Work to complete: Print this span of the material below exactly: the line with "1642 حديث ( شر", the line with "6pc 13 X 13", and every line between them, but nothing else.

Extracted records:
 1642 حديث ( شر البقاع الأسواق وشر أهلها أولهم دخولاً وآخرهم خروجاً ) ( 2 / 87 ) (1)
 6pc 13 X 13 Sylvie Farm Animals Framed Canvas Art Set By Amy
* * *
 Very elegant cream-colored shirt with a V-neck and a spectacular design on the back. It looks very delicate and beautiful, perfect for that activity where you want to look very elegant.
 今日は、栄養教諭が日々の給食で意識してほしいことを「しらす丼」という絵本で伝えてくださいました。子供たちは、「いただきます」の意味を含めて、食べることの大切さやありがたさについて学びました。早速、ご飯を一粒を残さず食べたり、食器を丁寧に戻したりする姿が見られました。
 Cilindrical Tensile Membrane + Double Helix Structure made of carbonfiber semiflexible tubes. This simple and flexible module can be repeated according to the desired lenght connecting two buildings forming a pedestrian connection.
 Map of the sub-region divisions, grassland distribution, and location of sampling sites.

Result:
 1642 حديث ( شر البقاع الأسواق وشر أهلها أولهم دخولاً وآخرهم خروجاً ) ( 2 / 87 ) (1)
 6pc 13 X 13 Sylvie Farm Animals Framed Canvas Art Set By Amy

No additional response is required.